We still broke up, thank you all. Today is January 1th, and we finally broke up peacefully. In fact, a lot of things happened between us from friends to lovers, and it was not easy for us to get together. I like you, I like you very much, and I also want to be naive with you. Yes, I always ask myself why I can still persist. There may be no answer. I have no spare tire, and I don’t engage in ambiguity. All my temper, laughter and crying are given to you. This is the last thing I can do for you. It turned out to be walking out of your life. I don’t regret it at all, and thank you for teaching me to grow.

I understand everything, I understand everything, I am the option e, the split ends of the hair, the foam flowing out of the washing machine, the crushed biscuits in the supermarket, the tired cream, the lonely city, the grass on the ground, I am the stepped one, the spare button of the suit.

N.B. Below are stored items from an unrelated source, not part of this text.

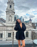 Beauty Sophie Milzink is wearing our luna puff dress in black
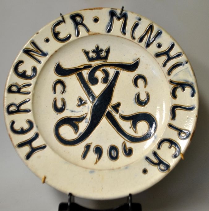 Dansk keramiker (1906): Mindeplatte for Frederik VIIIs tronbestigelse, 1906. Med blå og hvid glasur. Med Frederik VIII monogram og valgsprog: Herren er min hjælper. Dia: 28 cm.NB: Virkelig sjældenhed!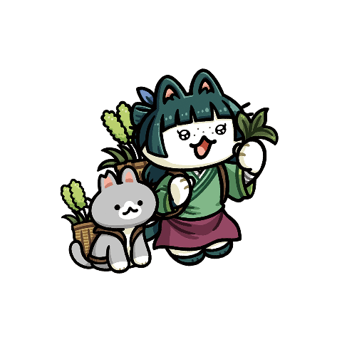 今回のチャリティーのために描きおこされた、"猫化"した猫猫(マオマオ)。地域猫さんが薬草採取をお手伝いしています。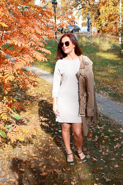 Уверенная в себе молодая стройная женщина в плаще и туфлях на высоких каблуках разговаривает по телефону в осеннем городе, женщина улыбается и наслаждается жизнью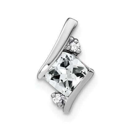 14k White Gold 7mm Cushion April/White Topaz and Diamond Chain Slide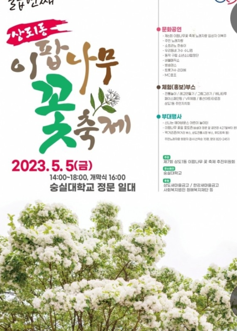 상도1동 지역행사로 5월에 이팝나무 축제가 열립니다.

The puppy soaked in the rain is the rotten orange, the expired milk is the broken kite, the sunflower being discarded is the taciturn child.

I was fired from the company, I didn’t want to go to work, my performance was very poor, my colleagues didn’t like me, and my friends didn’t care about me. Now I'm under the overpass. It's very cold outside. I don't have a quilt. I haven't taken any food or medicine today. I'm so dizzy that I can't even drink hot water. My computer is almost out. The battery was turned off and I accidentally clicked on the calendar.

Harry Potter has a magic broom to fly freely, and you should also have a pair of clear eyes and a clear mind to clean up the garbage on the road to happiness and warmth.

I can't tell what love is. I only know that being happy with you is real, sad tears are real, and wanting to be with you forever is real. And I will still act like I haven't grown up yet. I I'm still a kid who likes to be sarcastic, clingy, tough-tongued, and wants to cry when I feel a little wronged. So can you hug me more in the future? I really love you without hesitation.

I have a friend who went away to study for a few years and came back very strange. Occult rituals are performed several times each month. You will go to a red temple with a group of believers to eat the carcasses of birds eaten in a specific way, and also put some red and white sticky substances. Reference to an indescribable black liquid that bubbles as if boiling. I once touched it and it felt cold instead of hot. He was mumbling something while eating.